* _Exercise directions_
What are the lines, copied exactly, from the one containing "Piercing banánek do" through the final line of the material? Leave the pictures out.

------------------------------------

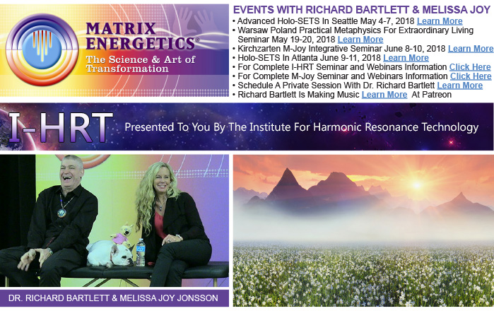 Born from a set of potent energetic treatments that Bartlett discovered in his chiropractic practice, Matrix Energetics has evolved into a “technology of consciousness” for insight, healing, spiritual growth—and living a life unbound by the limits we have been trained to believe in. Matrix Energetics sometimes appears magical in its expression but is based on the laws and expression of subtle energy physics and the concepts and laws of quantum physics, superstring theory and Sheldrake’s Morphic Resonance Matrix Energetics is a complete system of healing, selfcare and transformation. Matrix Energetics encompasses a new state of mind, a new way of looking at the world we live and breathe in, and a new way of reaching out to new possibilities, a consciousness shift Click here for interview of Ralph and Jen Havens interview about Matrix Energetics.
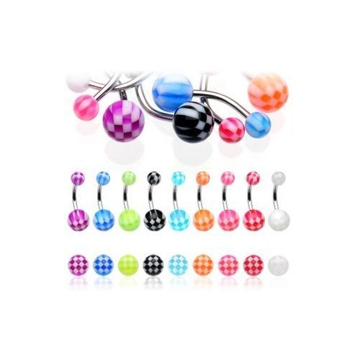 Piercing banánek do pupíku, chirurgická ocel s UV kuličkami, které vyniknou pod UV světlem.
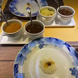 Recommended! Two-Color Curry Course: ¥3,100. Choose from two curry courses, seafood hors d'oeuvres, and two curries of your choice. Dessert! 🍛 We chose traditional beef curry, spicy Thai green curry, spicy Javanese curry, and Ceylon-style Ariake chicken curry.
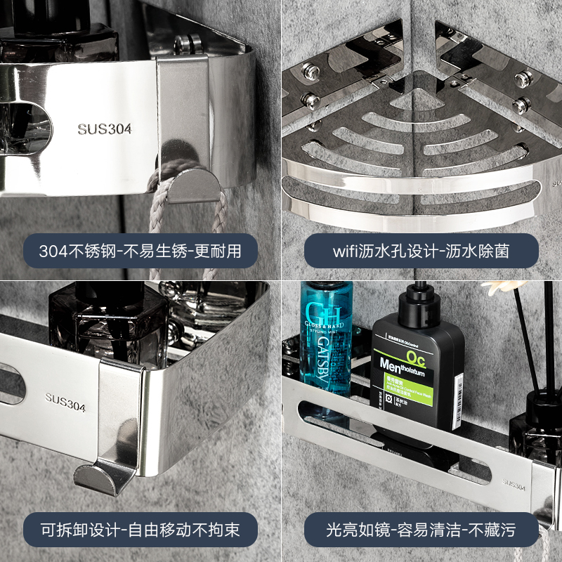 极速浴室三角不锈l钢置物架厕所厨房收纳置拐角免打孔壁挂式卫生
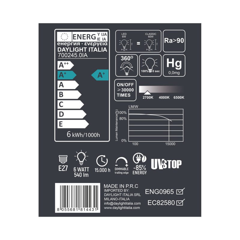 Náš sortiment produktov bol rozšírený pridaním nových luxusných dekoratívnych žiaroviek talianskej značky Daylight Italia. Sme výhradným distribútorom tejto značky pre Slovensko a Českú republiku.
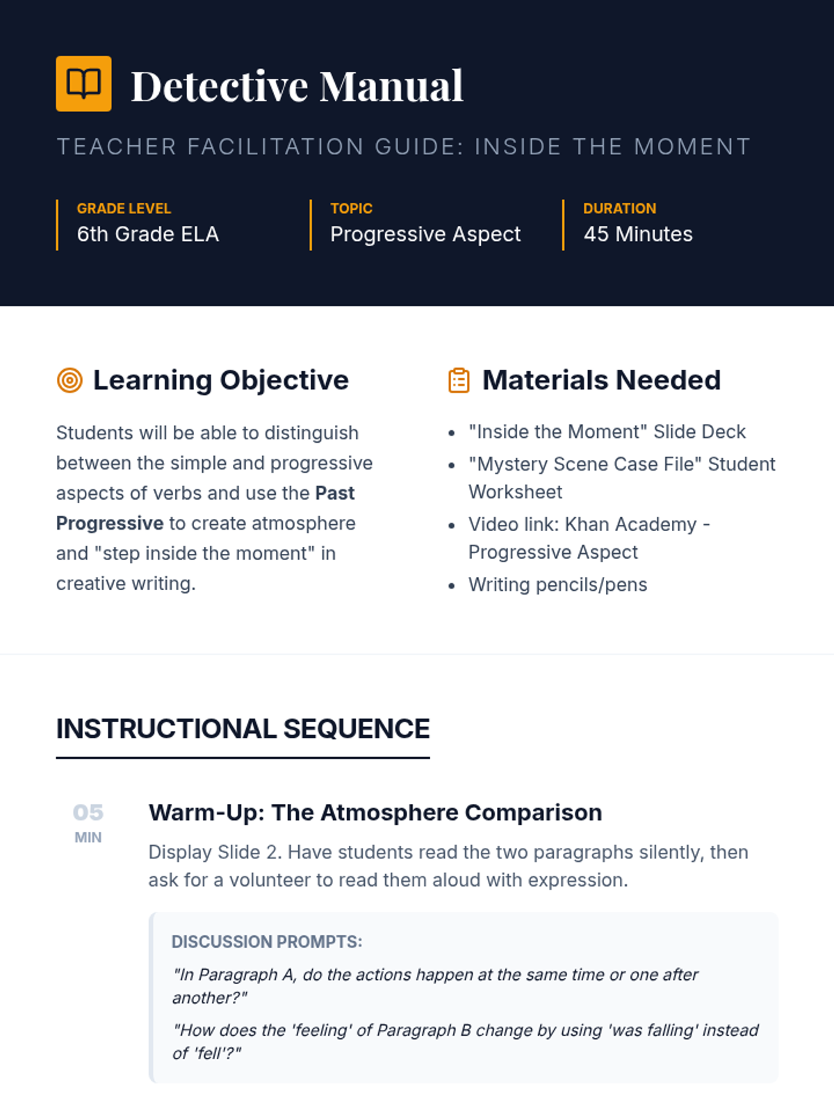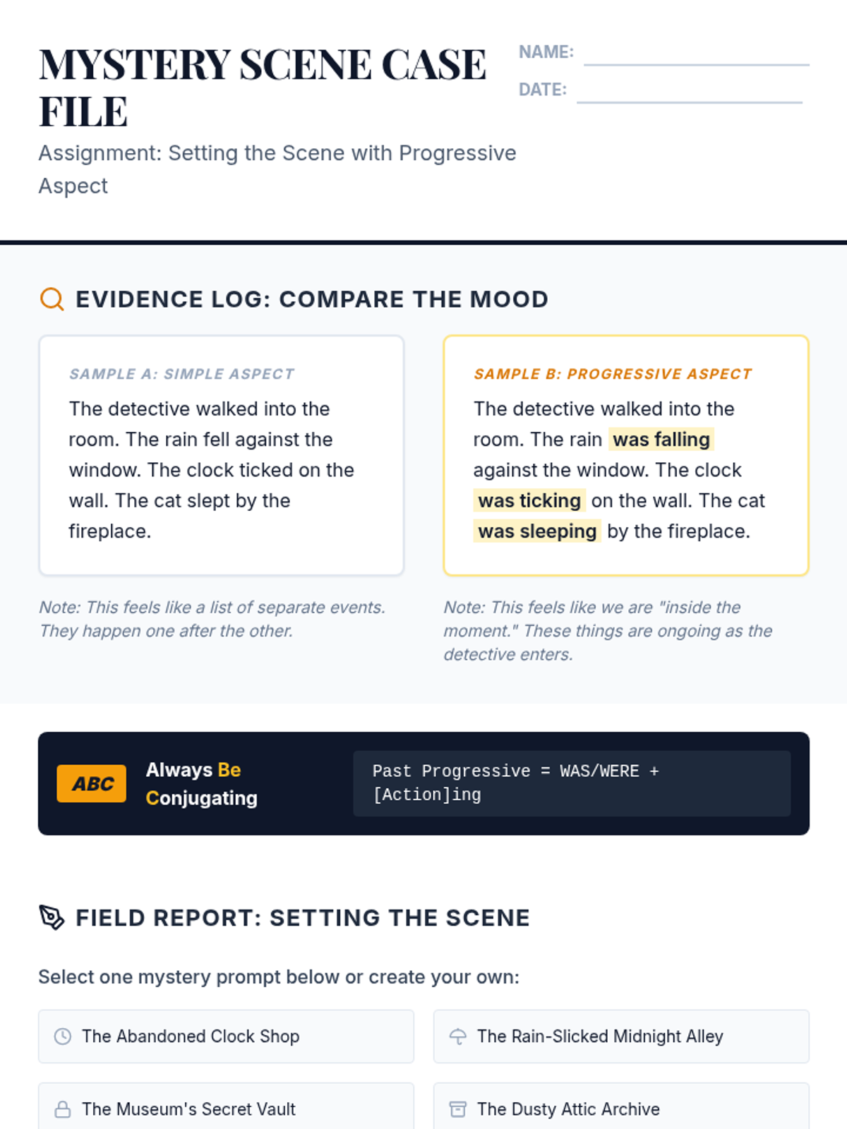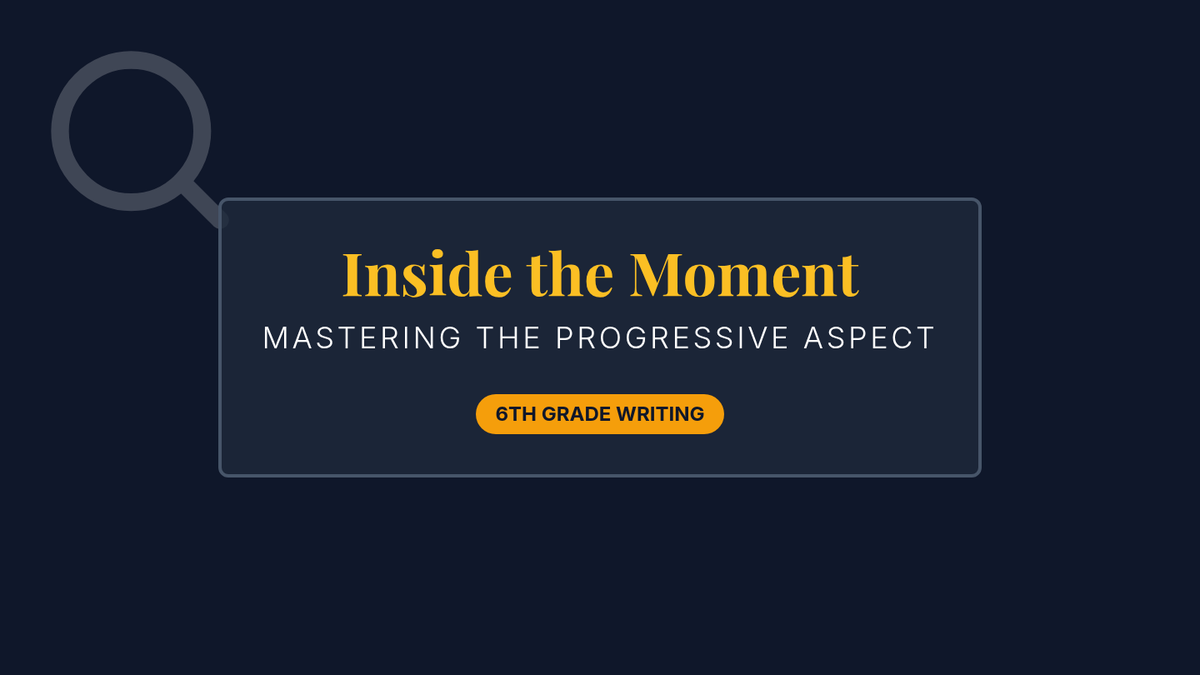 A grammar and creative writing lesson where 6th-grade students learn to use the progressive aspect to create atmosphere and 'step inside the moment' of a mystery story.

------------------------------------

* _Your response_
 Piercing banánek do pupíku, chirurgická ocel s UV kuličkami, které vyniknou pod UV světlem.
 Recommended! Two-Color Curry Course: ¥3,100. Choose from two curry courses, seafood hors d'oeuvres, and two curries of your choice. Dessert! 🍛 We chose traditional beef curry, spicy Thai green curry, spicy Javanese curry, and Ceylon-style Ariake chicken curry.
 极速浴室三角不锈l钢置物架厕所厨房收纳置拐角免打孔壁挂式卫生
 Náš sortiment produktov bol rozšírený pridaním nových luxusných dekoratívnych žiaroviek talianskej značky Daylight Italia. Sme výhradným distribútorom tejto značky pre Slovensko a Českú republiku.
 A grammar and creative writing lesson where 6th-grade students learn to use the progressive aspect to create atmosphere and 'step inside the moment' of a mystery story.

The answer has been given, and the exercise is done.